Studio che raccomanda all’ECOWAS di vietare azioni militari anche a forze straniere non africane (con un chiaro riferimento al rischio di un blitz francese) poiché «un'azione militare precipitosa contro il nuovo regime destabilizzerà sicuramente il Niger e, per estensione, il Sahel».

Per il ministro algerino degli Esteri algerino, Ahmed Attaf «un intervento militare in Niger aggreverebbe la situazione, rendendola più complicata e più pericolosa per il Paese e per l'intera regione». Algeri condanna il colpo di stato contro il legittimo presidente e ne chiede il ritorno in carica ma non intende né partecipare né avvallare un’azione militare contro Niamey. «Un intervento militare potrebbe incendiare l'intera regione del Sahel e l'Algeria non userà la forza con i suoi vicini», ha detto Il presidente algerino, Abdelmadjid Tebboune. 

Nonostante queste valutazioni improntate alla cautela la Banca mondiale ha deciso di sospendere i finanziamenti programmati per il Niger, ad eccezione degli aiuti destinati al settore privato. Le sanzioni dell’ECOWAS provocano continui blackout a Niamey, Maradi e Zinder come ha reso noto la compagnia elettrica del Niger, Nigelec, che in un comunicato afferma che questo è il risultato del taglio delle forniture della Nigeria, principale fornitore di elettricità al Niger.

Gli Stati Uniti, pur chiedendo il ripristino del governo legittimo, non sembrano voler arrivare allo scontro con i golpisti, forse per non favorire la penetrazione russa anche in Niger e per garantire la continuità la presenza di 1.100 militari americani presenti nel Paese per le operazioni contro i jihadisti e per addestrare le truppe nigerine.

Dopo l’intimazione alle truppe francesi di evacuare le basi in Niger entro 30 giorni il rischio che Macron ordini un blitz contro la giunta militare di Niamey resta concreto e mette in difficoltà anche la presenza del contingente italiano, ridimensionatosi in questi giorni a circa 250 militari dopo il rientro ieri di 65 uomini a bordo di un Boeing KC-767 dell’Aeronautica.  

La riduzione delle truppe ha l’obiettivo di aumentare gli spazi utilizzabili da civili che dovessero venire evacuati in emergenza nella base situata all’aeroporto di Niamey.
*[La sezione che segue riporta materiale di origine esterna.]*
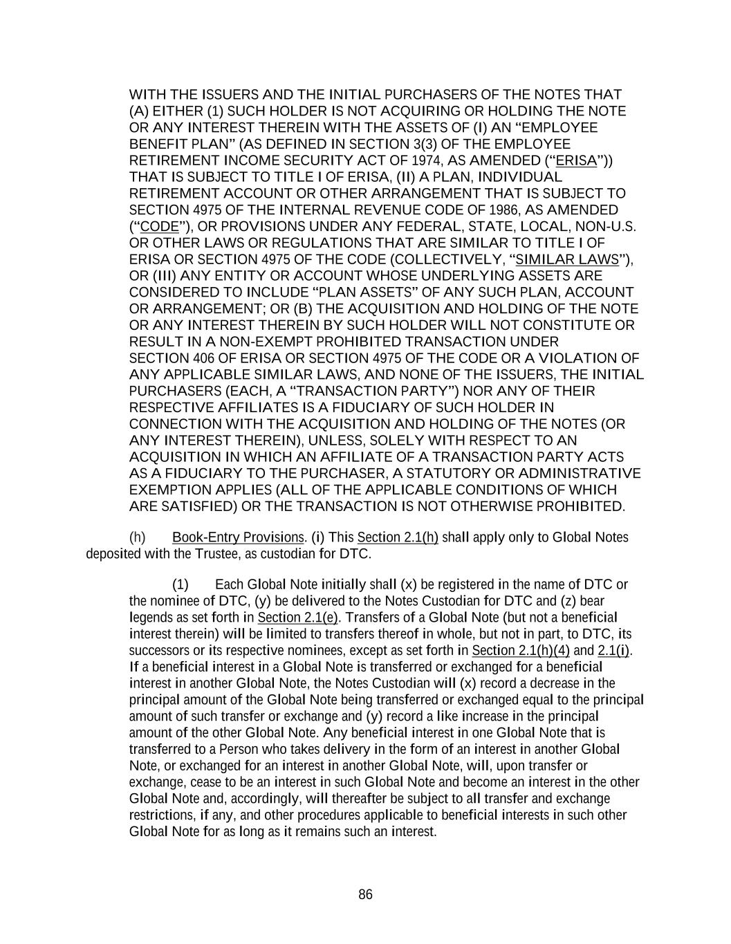 86 WITH THE ISSUERS AND THE INITIAL PURCHASERS OF THE NOTES THAT (A) EITHER (1) SUCH HOLDER IS NOT ACQUIRING OR HOLDING THE NOTE OR ANY INTEREST THEREIN WITH THE ASSETS OF (I) AN “EMPLOYEE BENEFIT PLAN” (AS DEFINED IN SECTION 3(3) OF THE EMPLOYEE RETIREMENT INCOME SECURITY ACT OF 1974, AS AMENDED (“ERISA”)) THAT IS SUBJECT TO TITLE I OF ERISA, (II) A PLAN, INDIVIDUAL RETIREMENT ACCOUNT OR OTHER ARRANGEMENT THAT IS SUBJECT TO SECTION 4975 OF THE INTERNAL REVENUE CODE OF 1986, AS AMENDED (“CODE”), OR PROVISIONS UNDER ANY FEDERAL, STATE, LOCAL, NON-U.S. OR OTHER LAWS OR REGULATIONS THAT ARE SIMILAR TO TITLE I OF ERISA OR SECTION 4975 OF THE CODE (COLLECTIVELY, “SIMILAR LAWS”), OR (III) ANY ENTITY OR ACCOUNT WHOSE UNDERLYING ASSETS ARE CONSIDERED TO INCLUDE “PLAN ASSETS” OF ANY SUCH PLAN, ACCOUNT OR ARRANGEMENT; OR (B) THE ACQUISITION AND HOLDING OF THE NOTE OR ANY INTEREST THEREIN BY SUCH HOLDER WILL NOT CONSTITUTE OR RESULT IN A NON-EXEMPT PROHIBITED TRANSACTION UNDER SECTION 406 OF ERISA OR SECTION 4975 OF THE CODE OR A VIOLATION OF ANY APPLICABLE SIMILAR LAWS, AND NONE OF THE ISSUERS, THE INITIAL PURCHASERS (EACH, A “TRANSACTION PARTY”) NOR ANY OF THEIR RESPECTIVE AFFILIATES IS A FIDUCIARY OF SUCH HOLDER IN CONNECTION WITH THE ACQUISITION AND HOLDING OF THE NOTES (OR ANY INTEREST THEREIN), UNLESS, SOLELY WITH RESPECT TO AN ACQUISITION IN WHICH AN AFFILIATE OF A TRANSACTION PARTY ACTS AS A FIDUCIARY TO THE PURCHASER, A STATUTORY OR ADMINISTRATIVE EXEMPTION APPLIES (ALL OF THE APPLICABLE CONDITIONS OF WHICH ARE SATISFIED) OR THE TRANSACTION IS NOT OTHERWISE PROHIBITED. (h) Book-Entry Provisions. (i) This Section 2.1(h) shall apply only to Global Notes deposited with the Trustee, as custodian for DTC. (1) Each Global Note initially shall (x) be registered in the name of DTC or the nominee of DTC, (y) be delivered to the Notes Custodian for DTC and (z) bear legends as set forth in Section 2.1(e). Transfers of a Global Note (but not a beneficial interest therein) will be limited to transfers thereof in whole, but not in part, to DTC, its successors or its respective nominees, except as set forth in Section 2.1(h)(4) and 2.1(i). If a beneficial interest in a Global Note is transferred or exchanged for a beneficial interest in another Global Note, the Notes Custodian will (x) record a decrease in the principal amount of the Global Note being transferred or exchanged equal to the principal amount of such transfer or exchange and (y) record a like increase in the principal amount of the other Global Note. Any beneficial interest in one Global Note that is transferred to a Person who takes delivery in the form of an interest in another Global Note, or exchanged for an interest in another Global Note, will, upon transfer or exchange, cease to be an interest in such Global Note and become an interest in the other Global Note and, accordingly, will thereafter be subject to all transfer and exchange restrictions, if any, and other procedures applicable to beneficial interests in such other Global Note for as long as it remains such an interest.

Il ministero della Difesa ha fatto sapere per la prossima settimana sono stati già programmati ulteriori voli. 

Il ministro degli Esteri Antonio Tajani si è espresso contro un’azione militare in Niger sostenendo la necessità di mantenere aperto il dialogo con i golpisti ma è probabile che un attacco francese (o franco-nigeriano) costringerebbe il contingente italiano all’evacuazione della Missione italiana bilaterale di supporto (MISIN) che dal 2018 ha addestrato 10mila militari e gendarmi nigerini nei centri di Niamey, Agadez e Arlit. 

Se non vi saranno attacchi militari, l’Italia potrà valutare se e come mantenere la presenza militare a Niamey (sempre che risulti gradita alla giunta golpista) anche dopo il ritiro dei francesi. Un’opportunità per potenziare il ruolo di Roma in una regione delicata ed esplosiva ma di rilevanza strategica tenendo anche conto che il Niger è interessato non solo dall’insurrezione jihadista ma anche da diversi traffici illeciti inclusi flussi di migranti illegali diretti verso le nostre coste.